#### Exercise aim
Every entry is to be reproduced word for word, but the images are not.

#### Provided entries
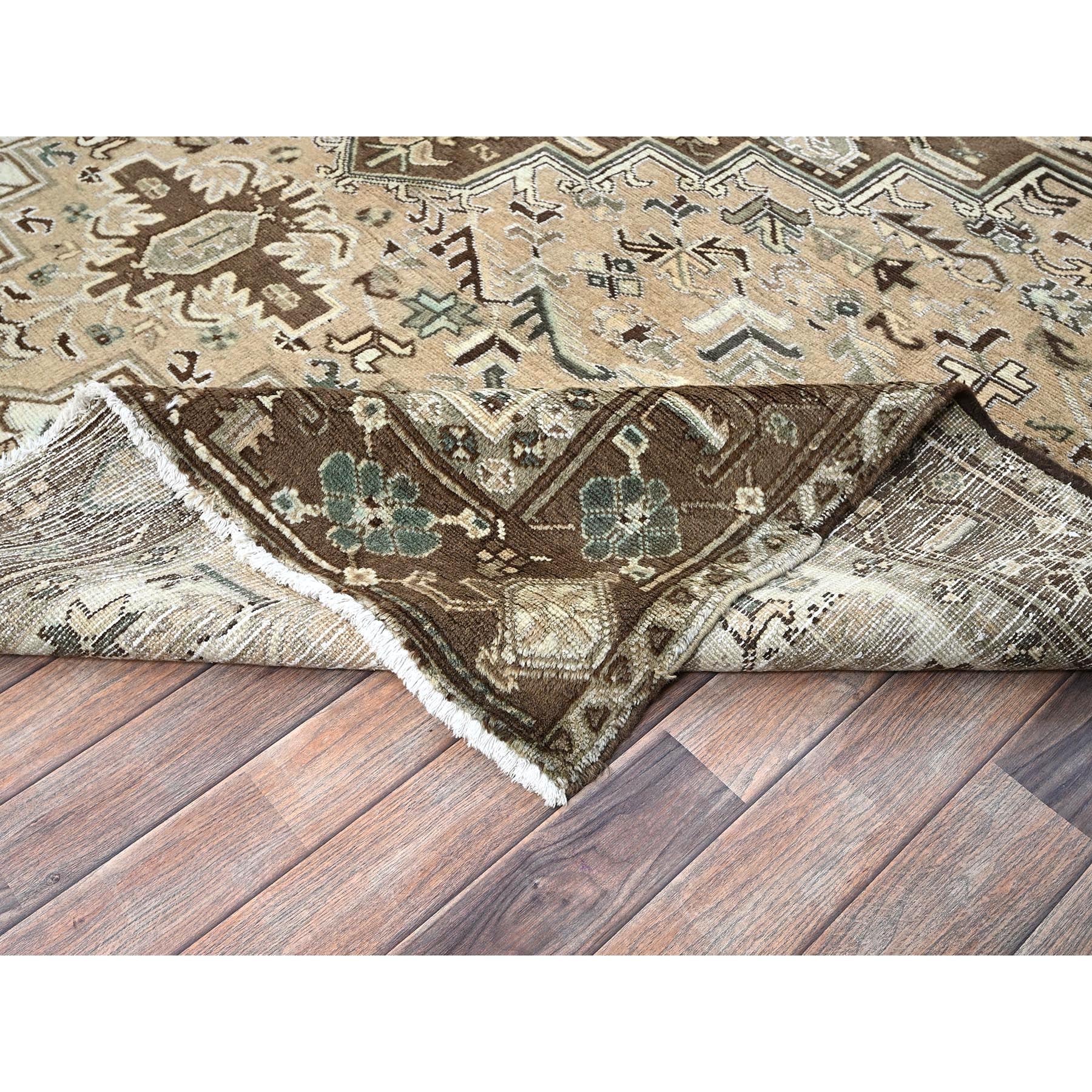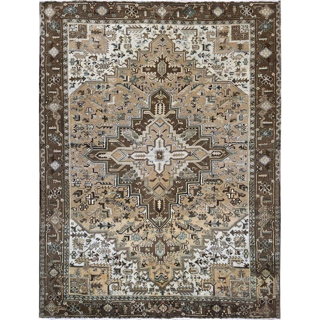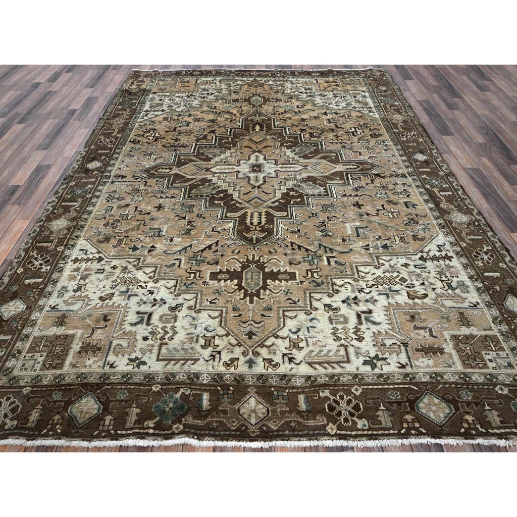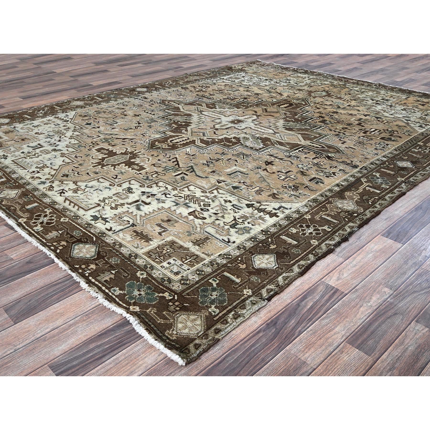 7'9"x10'3" Dark Vanilla Brown, Vintage Persian Heriz With Geometric Medallion Design, Pure Wool, Hand Knotted, Evenly Worn, Cropped Thin, Good Condition, Sides And Ends Professionally Secured, Oriental Rug FWR7536
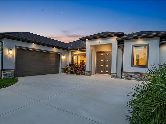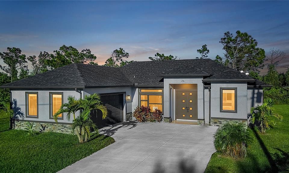 Welcome to this stunning one-year-old home featuring a lovely pool, situated on a peaceful street near the golf course and just a short drive from the best beaches! As you enter, you'll notice the spacious open floor plan with 10-foot ceilings that create an airy feel, complemented by stylish tray ceilings in the living room, master bedroom, and dining area. The kitchen is perfect for cooking and entertaining, offering plenty of cabinets and a large 9-foot island for additional counter space. Enjoy sleek quartz waterfall countertops and low-maintenance ceramic flooring throughout the home. The master bath is a true oasis, featuring double sinks, a stand-alone bathtub, and a glass-enclosed shower. The pool area is fully screened for comfort, and plumbing and electrical connections are already in place for a future outdoor kitchen! This home also boasts 8-foot doors and durable impact doors and windows for added peace of mind and located in a flood-free zone, making it a fantastic place to live and enjoy!
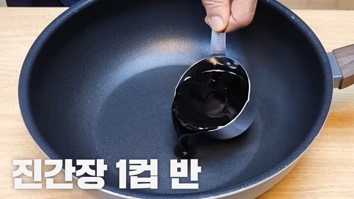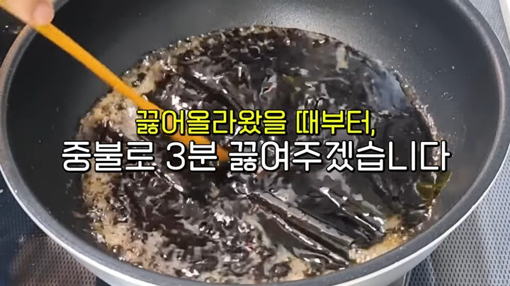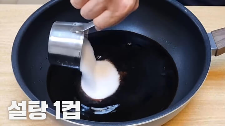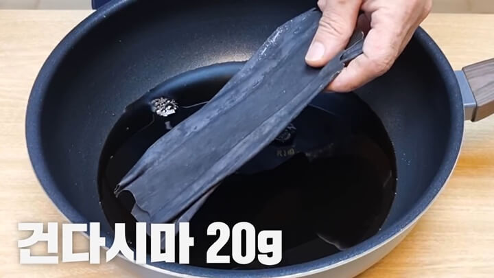 냄비에 진간장 1컵 반을 넣어줍니다. 계량컵 160ml 기준이에요. 물 1컵, 설탕 1컵을 넣고 잘 저어가며 설탕을 녹여주세요. 그리고 건다시마 20g을 넣고 불을 켜서 끓여줍니다.
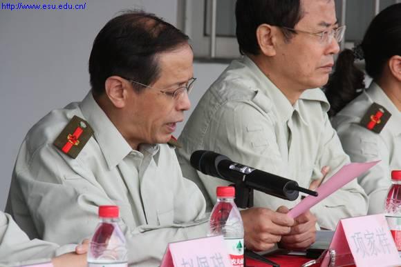 本次开营仪式由武装部部长许双全主持,学校党政领导和军训团领导参加仪式。开营仪式上,校长项家祥作了动员报告,他从国防教育的重要性和大学生成长的轨迹,鼓励新生要自强不息,在军训中学会吃苦耐劳,把军训学到的好的品行带进未来的学习生活中。项校长在讲话中还对东海舰队教官来我校指导学生军训工作表示欢迎与感谢。军训团团长魏海岭、教官代表蒲超立也作了讲话,他们表示一定要做到对学生严格要求,科学组训,文明示教,保证质量,完成军训各项任务。会计115班的陈扬同学代表全体参加军训的新生立下军令状,训练中一定高标准、严要求,向解放军学习,增强国防意识,体现大学生健康向上的时代气息。最后,副院长程龙根宣布2011级新生军训正式开始。党委书记赵佩琪向军训团团长魏海岭授予了上海东海职业技术学院军训团团旗。军训团团旗迎着初升的太阳迎风飘扬,我们相信,学生军训一定能圆满完成,训出风格、训出东海人的精神。(文/校学生会新闻部 张毅杰)
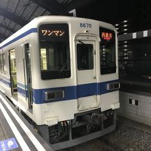電車は東武鉄道で一番古い車両を使用。なんとなく昭和50年、60年代を思い出す感じだが、ひと駅間なので、あっという間に着いてしまう。
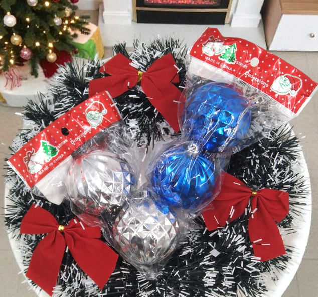 PAQUETE DE 2 UNIDADES BOCHAS FANTASIA METALIZADAS NAVIDEÑAS. COLOR:AZUL-ROJO-DORADO CONSULTE STOCK DISPONIBLE
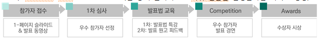 라. 참가방법: 본인의 학위논문(2026년 2월 졸업예정자 대상) 혹은 학술지에 논문게재된 연구 (2025년 한정, 재학생 및 신진연구인력 대상; 제1저자인 경우만 인정)를 일반 대중이 쉽게 이해할 수 있도록 1-페이지 슬라이드로 제작한 후, 3분 이내의 발표 동영상 콘텐츠를 제작하여 신청서(첨부)와 함께 제출
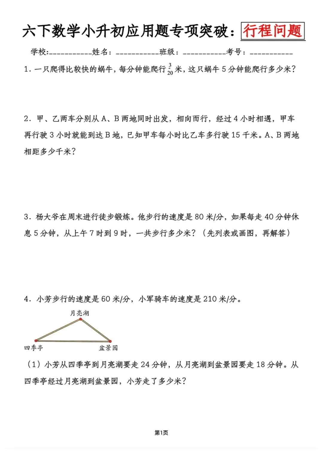 六年级下册数学小升初应用题专项突破(电子版可打印)
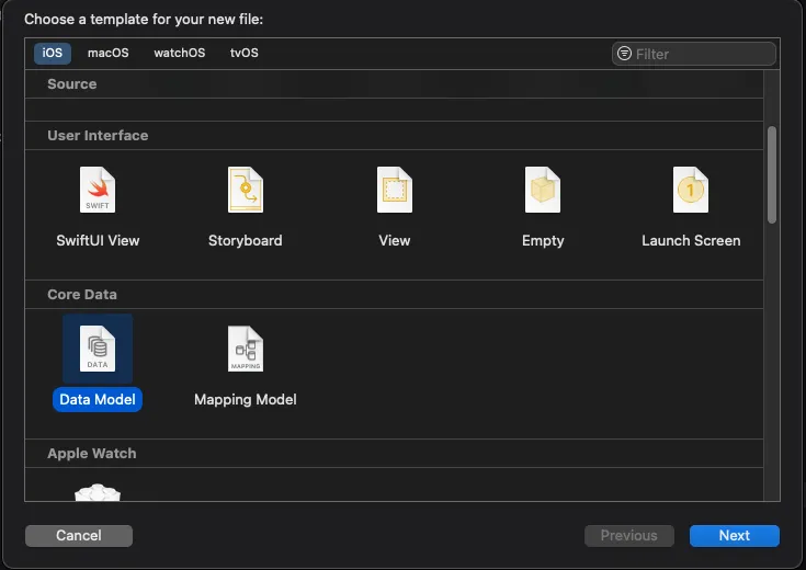 Core Data를 사용하기 위해서는 앱의 객체 구조를 담을 데이터 모델 파일을 생성해야 합니다.
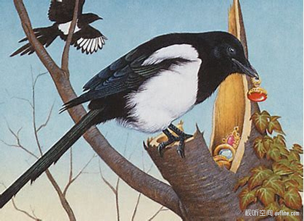 歌剧《贼鹊》的故事是典型的喜剧:人们翻箱倒柜没有结果,后来在小鸟的巢穴里找到了主人丢失的珍珠项链,因此而被误判的女仆及其老父得以清白(看样子,地球那边的“冤假错案”也挺严重的呢)!

#### Response below
 7'9"x10'3" Dark Vanilla Brown, Vintage Persian Heriz With Geometric Medallion Design, Pure Wool, Hand Knotted, Evenly Worn, Cropped Thin, Good Condition, Sides And Ends Professionally Secured, Oriental Rug FWR7536
 Welcome to this stunning one-year-old home featuring a lovely pool, situated on a peaceful street near the golf course and just a short drive from the best beaches! As you enter, you'll notice the spacious open floor plan with 10-foot ceilings that create an airy feel, complemented by stylish tray ceilings in the living room, master bedroom, and dining area. The kitchen is perfect for cooking and entertaining, offering plenty of cabinets and a large 9-foot island for additional counter space. Enjoy sleek quartz waterfall countertops and low-maintenance ceramic flooring throughout the home. The master bath is a true oasis, featuring double sinks, a stand-alone bathtub, and a glass-enclosed shower. The pool area is fully screened for comfort, and plumbing and electrical connections are already in place for a future outdoor kitchen! This home also boasts 8-foot doors and durable impact doors and windows for added peace of mind and located in a flood-free zone, making it a fantastic place to live and enjoy!
 냄비에 진간장 1컵 반을 넣어줍니다. 계량컵 160ml 기준이에요. 물 1컵, 설탕 1컵을 넣고 잘 저어가며 설탕을 녹여주세요. 그리고 건다시마 20g을 넣고 불을 켜서 끓여줍니다.
 本次开营仪式由武装部部长许双全主持,学校党政领导和军训团领导参加仪式。开营仪式上,校长项家祥作了动员报告,他从国防教育的重要性和大学生成长的轨迹,鼓励新生要自强不息,在军训中学会吃苦耐劳,把军训学到的好的品行带进未来的学习生活中。项校长在讲话中还对东海舰队教官来我校指导学生军训工作表示欢迎与感谢。军训团团长魏海岭、教官代表蒲超立也作了讲话,他们表示一定要做到对学生严格要求,科学组训,文明示教,保证质量,完成军训各项任务。会计115班的陈扬同学代表全体参加军训的新生立下军令状,训练中一定高标准、严要求,向解放军学习,增强国防意识,体现大学生健康向上的时代气息。最后,副院长程龙根宣布2011级新生军训正式开始。党委书记赵佩琪向军训团团长魏海岭授予了上海东海职业技术学院军训团团旗。军训团团旗迎着初升的太阳迎风飘扬,我们相信,学生军训一定能圆满完成,训出风格、训出东海人的精神。(文/校学生会新闻部 张毅杰)
電車は東武鉄道で一番古い車両を使用。なんとなく昭和50年、60年代を思い出す感じだが、ひと駅間なので、あっという間に着いてしまう。
 PAQUETE DE 2 UNIDADES BOCHAS FANTASIA METALIZADAS NAVIDEÑAS. COLOR:AZUL-ROJO-DORADO CONSULTE STOCK DISPONIBLE
 라. 참가방법: 본인의 학위논문(2026년 2월 졸업예정자 대상) 혹은 학술지에 논문게재된 연구 (2025년 한정, 재학생 및 신진연구인력 대상; 제1저자인 경우만 인정)를 일반 대중이 쉽게 이해할 수 있도록 1-페이지 슬라이드로 제작한 후, 3분 이내의 발표 동영상 콘텐츠를 제작하여 신청서(첨부)와 함께 제출
 六年级下册数学小升初应用题专项突破(电子版可打印)
 Core Data를 사용하기 위해서는 앱의 객체 구조를 담을 데이터 모델 파일을 생성해야 합니다.
 歌剧《贼鹊》的故事是典型的喜剧:人们翻箱倒柜没有结果,后来在小鸟的巢穴里找到了主人丢失的珍珠项链,因此而被误判的女仆及其老父得以清白(看样子,地球那边的“冤假错案”也挺严重的呢)!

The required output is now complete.